Он покачал головой и сказал, что в этом месте картина не совсем ясна, и больше ничего не добавил.

После того как одноглазый ушел, я попыталась забыть о его предсказании. Я говорила себе, что он сам не мог подтвердить того, о чем говорил. В отличие от Нюгуру, которая была очень набожной буддисткой, я относилась к религии равнодушно, а все предсказания считала несерьезными. Казалось, что в Запретном городе все просто одержимы мыслью о загробном существовании и все свои надежды возлагают на «тот свет». Евнухи толковали о возвращении к «телесной целостности», а наложницы предвкушали, что в будущей жизни у них будет собственный муж и дети. Буддийское образование Нюгуру включало в себя обязательное изучение загробной судьбы. Она точно знала, что со всеми нами случится после смерти. Она говорила, что после того, как мы достигнем преисподней, нас будут допрашивать и судить. Того, кто запятнал себя при жизни грехами, приговорят к аду, где их будут варить, жарить, пилить или рвать на куски. А того, кого признают безгрешным, вернут на землю для новой жизни. В то же время эта жизнь не обязательно будет для них такая, какую они себе пожелают. Только самые счастливые возродятся людьми, а остальные превратятся в животных — в собак, свиней, блох.

Все наложницы Запретного города, особенно самые старшие, были до предела суеверны. Кроме пения, молитв и разведения сверчков они целыми днями занимались тем, что мастерили разные магические предметы. Для них вера в потусторонние силы сама по себе была оружием. Это оружие они применяли для того, чтобы насылать несчастья на своих конкуренток. В отношении разнообразных проклятий, которые они посылали на головы своих врагов, они проявляли необыкновенную изобретательность.

Нюгуру показала мне книгу под названием «Календарь китайских духов» с очень яркими и причудливыми иллюстрациями. Все изложенное там было мне незнакомо. В Уху я видела перекопированные от руки экземпляры этой книги и слышала содержащиеся в ней истории. Деревенские рассказчики использовали эту книгу как пособие.
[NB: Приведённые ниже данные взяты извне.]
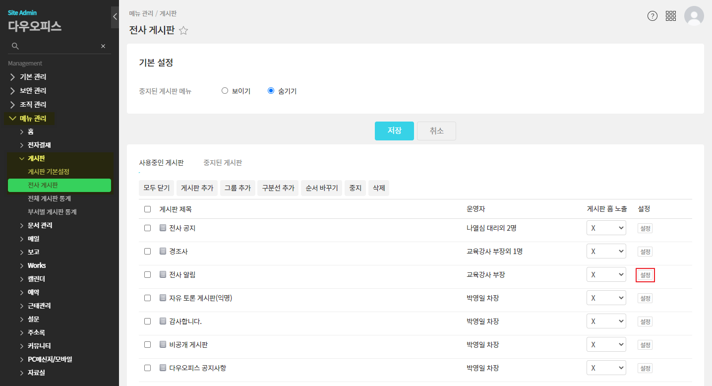① 관리자페이지 ▶ 메뉴 관리 ▶ 게시판 ▶ 전사 게시판 ▷ 변경하려는 게시판의 [설정] 버튼 클릭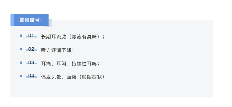 张主任在此提醒大家,耳朵不适绝非“小毛病”,如果出现听力下降、耳流脓、耳鸣等症状,一定要及时到正规医院就诊,明确诊断并接受规范治疗,切勿延误病情,造成不可挽回的后果。

На Нюгуру самое сильное впечатление произвела старинная история о «красных расшитых туфлях», в которых рассказывалось об обутом в эти туфли привидении.

Но еще в детстве я видела предсказателей судьбы, которые делали ложные предсказания, в результате чего многие людские судьбы попросту разрушались. Тем не менее Ань Дэхай не хотел рисковать. Я знала, что он был совершенно уверен в том, что эта несчастная «она» — не кто иная, как я.

В последующие дни его волнение все возрастало. Он стал суеверен до глупости.

— Каждый день может стать последним днем вашей жизни, — провозгласил он как-то утром.

Он прислуживал мне с повышенным вниманием и следил за каждым моим движением. Он принюхивался к воздуху, как собака, а ночью отказывался смыкать глаза. Когда после обеда я ложилась отдохнуть, он выскальзывал из Запретного города и возвращался ко мне с докладом о том, что встречался с деревенскими холостяками. Он предлагал им деньги и спрашивал, не усыновят ли они моего еще не рожденного ребенка.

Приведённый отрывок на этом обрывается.